Question: The smiling face of Fig. 24-49 consists of three items:

1.A thin rod of charge$\mathbf{-}\mathbf{}\mathbf{3}\mathbf{.}\mathbf{0}\mathit{\mu }\mathit{C}$that forms a full circle of radius;

2.a second thin rod of charge$\mathbf{2}\mathbf{.}\mathbf{0}\mathit{\mu }\mathit{C}$that forms a circular arc of radius 4.0cm, subtending an angle of 90⁰about the center of the full circle;

3.An electric dipole with a dipolemoment that is perpendicular to aradial line and has a magnitude of$\mathbf{1}\mathbf{.}\mathbf{28}\mathbf{\times }{\mathbf{10}}^{\mathbf{-}\mathbf{21}}\mathbf{\text{C.m}}$.What is the net electric potential atthe center?

1. The radius of the full circle is$R_1=6\text{cm}$
2. The radius of the second thin rod is$R_2=4\text{cm}$
3. Charge of the thin rod that forms full circle of radius,$R_1=6\text{cm}$ is $q_1=-3\mu \text{C}$.
4. Charge of the second thin rod of radius$R_2=4\text{cm}$, is $q_2=2\mu \text{C}$that subtends an angle of 90⁰ about the center of the circle.

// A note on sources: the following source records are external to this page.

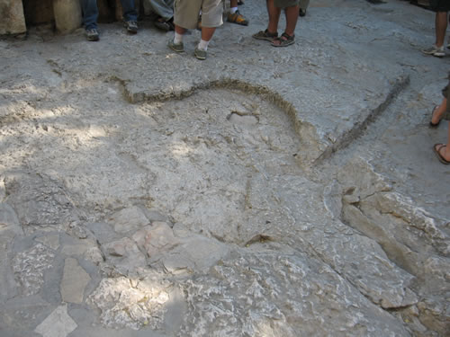 A carved pool in by the edge where the stone rolled. This would have been used for footwashing during the early church.
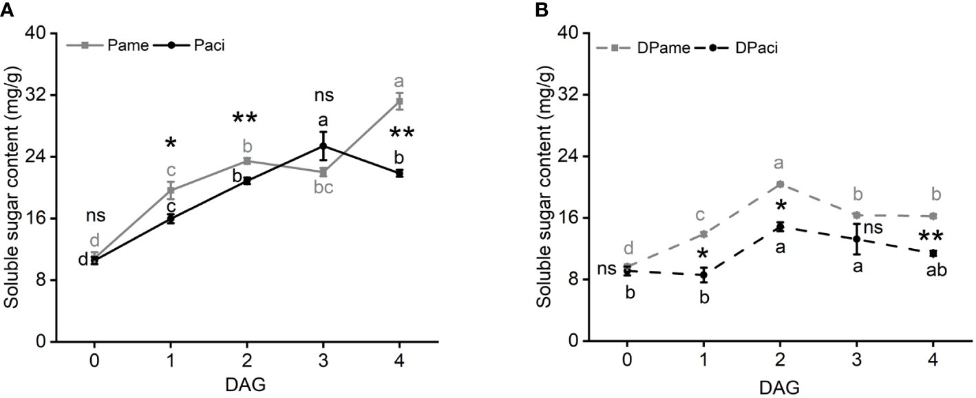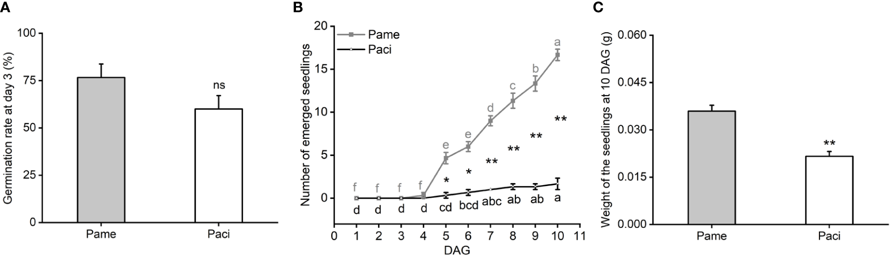 Germination rate at day 3 after seed dormancy breaking treatment (A), number of emerged seedlings with spread cotyledons (B) and weight of the 10 DAG seedlings (C) of Phytolacca americana (Pame) and Phytolacca acinosa (Paci). DAG: day(s) after germination. Values represent the mean ± standard error. Different letters in the same shade as the line indicate that the means differ significantly among the tested time points under one-way ANOVA followed by least significant difference (LSD) test. Asterisks indicate a significant difference between the two species at the same time point under Student’s t-test. *P < 0.05, **P < 0.01, ns P > 0.05.
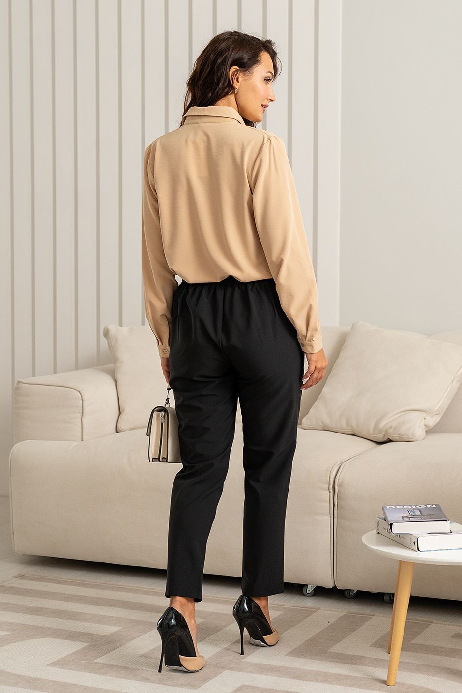 Ткань: креп-шелк.Блузка прямого покроя,спереди капелька на застежке, в плечевом шве складки . Рукав длинный на манжете. длина изделия ок.62см.
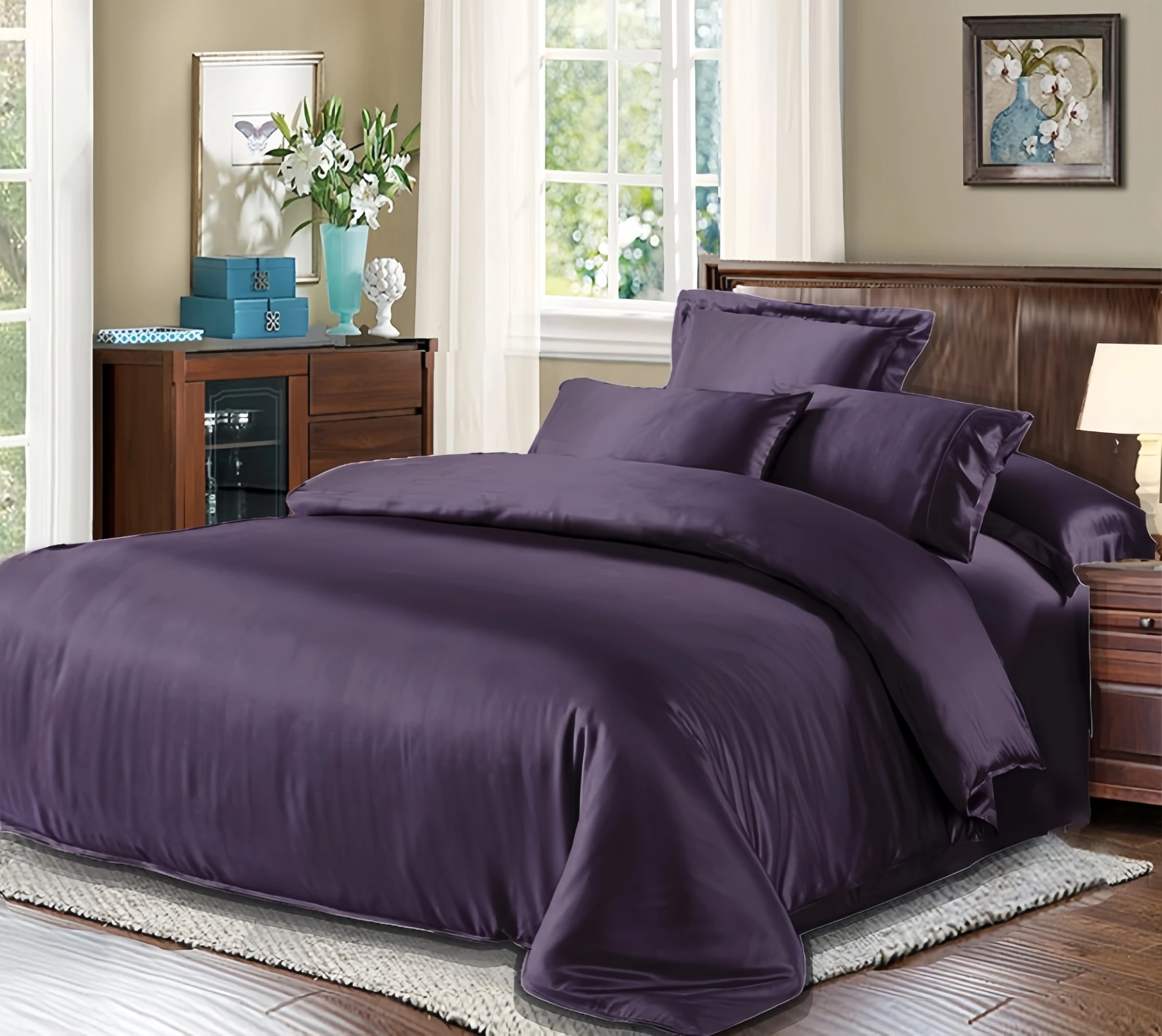 Elevate your sleep with this 100% Mulberry Silk Bed Sheet Set, crafted from 22 Momme premium silk for exceptional softness, durability, and natural luster. The seamless construction delivers a smooth, elegant finish, while the rich dark blue and silvery tones add a sophisticated, hotel-level luxury to any bedroom.
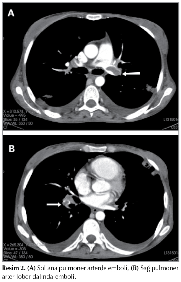 Otuz ?? yaşındaki kadın hasta 8 ay ?nce Crohn hastalığı tanısı almıştı, t?m?r nekroz fakt?r?-alfa (TNF-) inhibit?r? ve steroid tedavisi başlanmıştı. Hasta halsizlik, ateş, iştahsızlık ve anemi nedeniyle gastroenteroloji servisine yatırıldı. Oral alamayan hastaya periferik damar yolu a?ılamadığından santral kateter takıldı. Yatışının 2. g?n?nde hastanın g?ğ?s ağrısı, nefes darlığı ve senkop gelişmesi ?zerine hastaya toraks BT ?ekildi. Toraks BT'sinde "her iki akciğer ana pulmoner arterde, sağ akciğer ?st ve alt lob, sol akciğer ?st ve alt lob lober, segmental ve subsegmental pulmoner arter dallarında emboli ile uyumlu dolum defekti" saptandı (Resim 2A,B). Bu d?nemde yapılan kan tetkiklerinde hemoglobin: 9.4 g/dL, beyaz k?re: 2800 K/uL, platelet: 120.000 K/uL, D-Dimer: 1.68 ng/mL (normal < 0.5) idi. ?ncesinde tromboz profilaksisi almayan hastaya standart heparin tedavisi başlandı. İki g?n sonra ?ekilen ekokardiyografide; sistolik pulmoner arter basıncı: 40 mmHg ve sağ boşluklarda dilatasyon saptandı. Heparin tedavisi altında yatışının 7. g?n?nde hastada nefes darlığında artış, taşikardi ve O2 sat?rasyonunda d?şme saptandı. Hastanın tansiyonu 80/50 mmHg olması olması ?zerine hastada reemboli d?ş?n?ld?. Bu d?nemde ise D-Dimer seviyesi 9.68 ng/mL'e y?kseldi, troponin-I: 0.299 ng/mL (normal < 0.04)'du. Arterial kan gazında pH 7.47; PCO2: 25 mmHg; PO2: 27 mmHg; O2 sat?rasyonu %50 idi. Hasta yoğun bakıma alınarak 100 mg alteplaz verildi. Hasta arrest olunca 2. kez trombolitik tedavi verildi. Hasta yoğun bakıma yatışının 2. g?n?nde (hastaneye yatışın 9. g?n?) eks oldu.

Magnitude of the dipole moment that is perpendicular to a radial line,$p=1.28\times {10}^{-21}\text{C}·\text{m}$

Using the concept of the electric potential, we can get the net electric potential at the point due to charges can be calculated by adding all the potentials due to the individual charges.

Formula:

The electric potential at point P due to the circle is given by, $V=\frac{1}{4\pi {\epsilon }_0}\frac{Q}{R}$ (i)

The electric potential due to first charge is given using equation (i) and the given values as follows:

$$\begin{gathered} V_1=\frac{1}{4\pi {\epsilon }_0}\frac{Q_1}{R_1} \\ =9.0\times {10}^9\times \frac{\left(-3\mu \text{C}\right)}{\left(0.06\text{m}\right)} \\ =-4.5\times {10}^5\text{V} \end{gathered}$$

Due to the arc, the potential of the second charge at P is given using the given data in equation (i) as follows:

$$\begin{gathered} V_2=\frac{1}{4\pi {\epsilon }_0}\frac{Q_2}{R_2} \\ =9.0\times {10}^9\times \frac{2\times {10}^{-6}\text{C}}{0.04\text{m}} \\ =+4.5\times {10}^5\text{V} \end{gathered}$$

The potential at P due to the dipole at P is V₃= 0 (at equatorial position)

Thus, the net electric potential at P using the above values is given as:

$$\begin{gathered} V_{net}=V_1+V_2+V_3 \\ =-4.5\times {10}^5+4.5\times {10}^5+0 \\ =0\text{V} \end{gathered}$$

Hence, the net electric potential is 0V.